»»

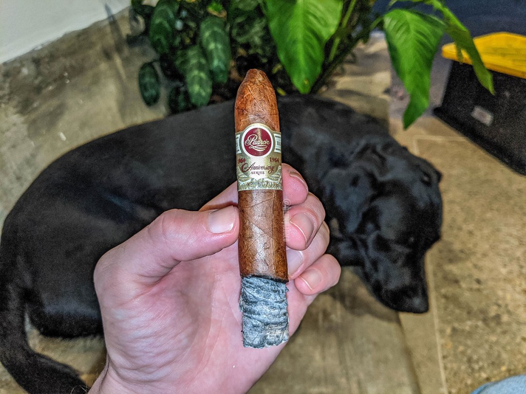 A la mitad del 1964 Anniversary regresan los sabores de chocolate, en la misma intensidad y estilo que durante el primer tercio. La intensidad del cigarro también aumenta y mientras lo fumo lentamente y marco 45 minutos de fumada llego a la conclusión de porqué le di tan baja puntuación originalmente. El cigarro me parece uno para fumadores experimentados; si bien sus sabores son ricos y tiene inmensidad de matices, en verdad puedo contarlos con los dedos de una mano e incluso me sobran dedos. Es a partir de un paladar experimentado que aprendes a apreciar matices, toques, intensidades y cremosidad en el humo y hace 4 años podría decir que no los tenía desarrollados como hoy. Aunque los sabores siguen siendo los mismos, hoy el cigarro me gusta muchísimo más y aprecio cada calada.
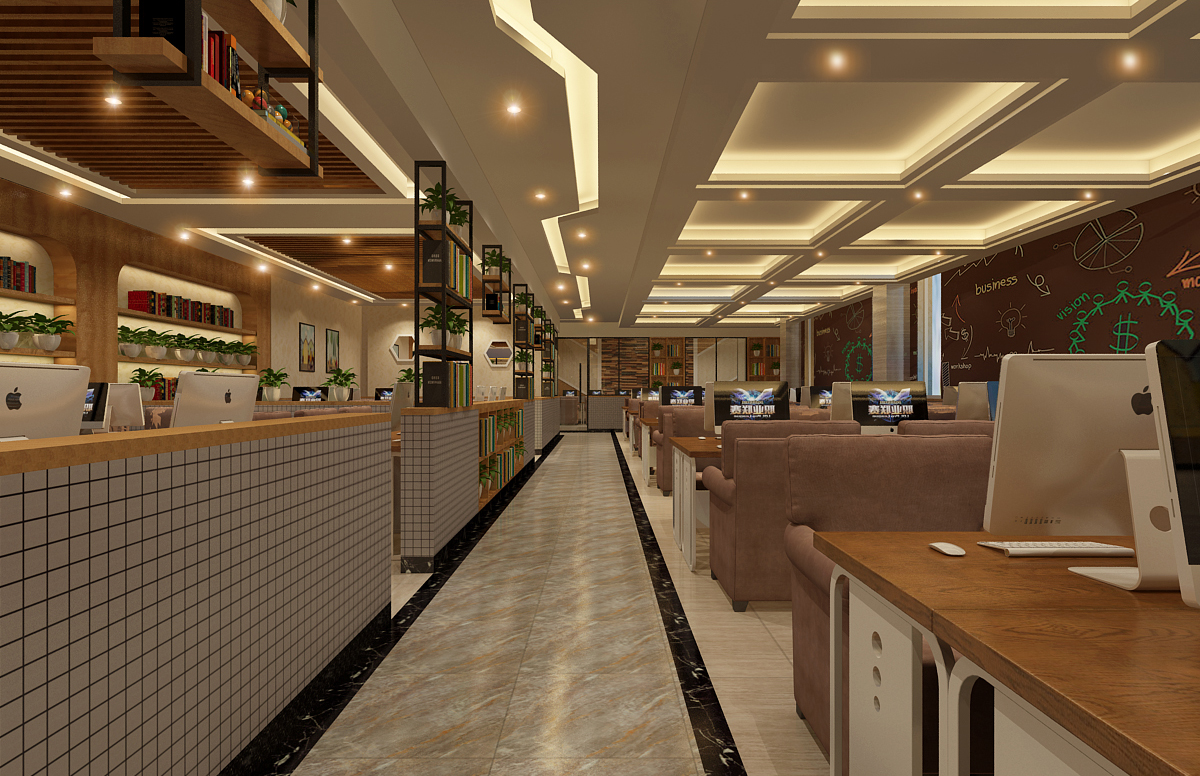 过道的装修效果切忌光线太暗或太明,再者如果走道比较宽,可以在装修好之后,考虑一定的修饰,避免太过于单调。网吧走道在装修网吧装饰方面虽不是最首要的问题,不装饰走道也没关系,但至少别在走道附近堆放杂物,以防影响到网友的走动。 网咖,网络咖啡厅的意思。从字面意义上来理解就不难,这绝是一个充满设计想法的空间室内设计。我们结合当地的经济情况,去为客户花最低的钱营造最好的氛围。体现的是一个文化,一个创意,一个想法。改变传统老百姓对网吧的憎恶,脏乱差,乌烟瘴气,给人一种排斥的感受。清新的空气,舒适的空间,多样化的服务,竞技比赛,上网学习,同学小聚的小资空间,这样的空间多花一元钱网费,绝大多数客户还是很乐意接受的。
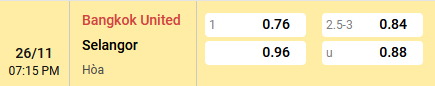 Nhà cái đang niêm yết mức kèo 0:1 và nó chứng tỏ Bangkok United được đánh giá cao hơn Selangor rất nhiều. Đây là tỷ lệ kèo nên nằm nhà Á quân giải Thái Lan bởi họ thắng kèo 3/4 trận thi đấu ở đấu trường Cup C2. Trong khi đó, Selangor thua kèo cả 4 trận ra quân ở đấu trường AFC Cup. Đáng chú ý là thảm bại 2-4 ngay trên sân nhà trước Bangkok United ở trận lượt đi.
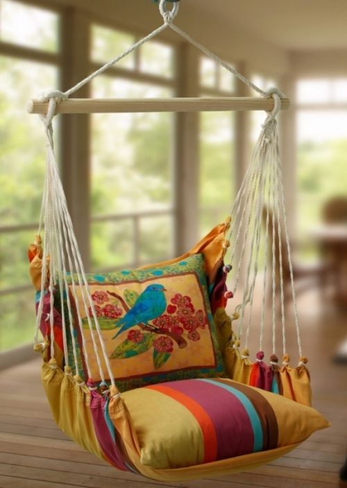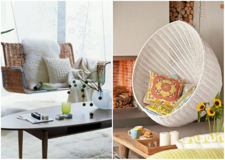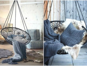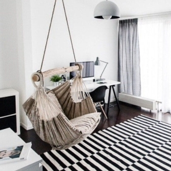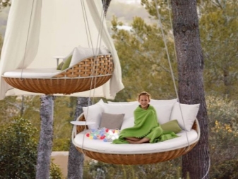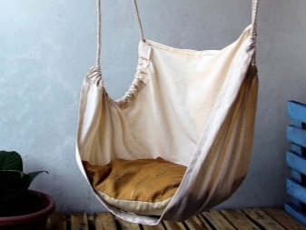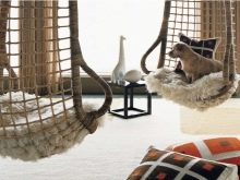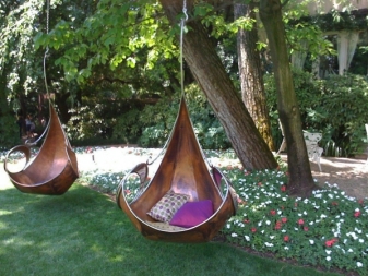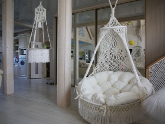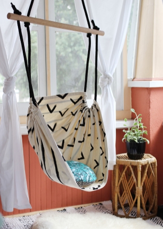 These unusual chairs can be made from different materials. The design itself is light and reliable, and most importantly, it can have both a soft and a solid base. A swing can be decorated with a cottage, sleeping area, children's room, attic or playground. Her strength to make their own, using durable ropes and thick textiles.
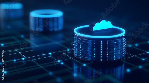 Futuristic digital database with cloud technology, glowing blue cyber network background. Concept of data storage and cloud computing.
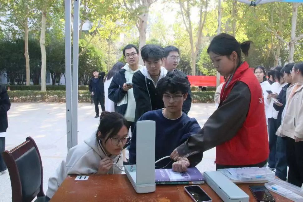 活动中,同学们有序排队参加各项活动:品尝桃酥饼干和纸杯蛋糕,同学们感受到美食带来的快乐;测量血压和健康知识宣讲,同学们了解到自己的健康状况;蝴蝶标本展示,同学们体会到生物标本的魅力;植物滴胶等其他手工项目,同学们锻炼了自己的动手能力和创新能力。
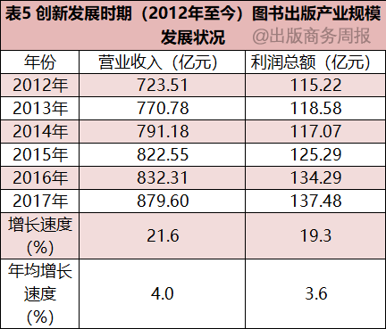 党的十八大以来,我国图书出版产业规模进入了快速发展的阶段,图书出版营业收入和利润总额持续上升,2017年实现营业收入879.60亿元,较2012年相比增长21.6%,年均增长速度4.0%;实现利润总额137.48亿元,与2012年相比增长19.3%,年均增长速度3.6%。(详见表5和图9。)

««

### PROBLEM STATEMENT
Go to the line with "活动中,同学们有序排队参加各" in the entries above. Reproduce that line and each one after it to the end, exactly and without the pictures.

### TASK OUTPUT
 活动中,同学们有序排队参加各项活动:品尝桃酥饼干和纸杯蛋糕,同学们感受到美食带来的快乐;测量血压和健康知识宣讲,同学们了解到自己的健康状况;蝴蝶标本展示,同学们体会到生物标本的魅力;植物滴胶等其他手工项目,同学们锻炼了自己的动手能力和创新能力。
 党的十八大以来,我国图书出版产业规模进入了快速发展的阶段,图书出版营业收入和利润总额持续上升,2017年实现营业收入879.60亿元,较2012年相比增长21.6%,年均增长速度4.0%;实现利润总额137.48亿元,与2012年相比增长19.3%,年均增长速度3.6%。(详见表5和图9。)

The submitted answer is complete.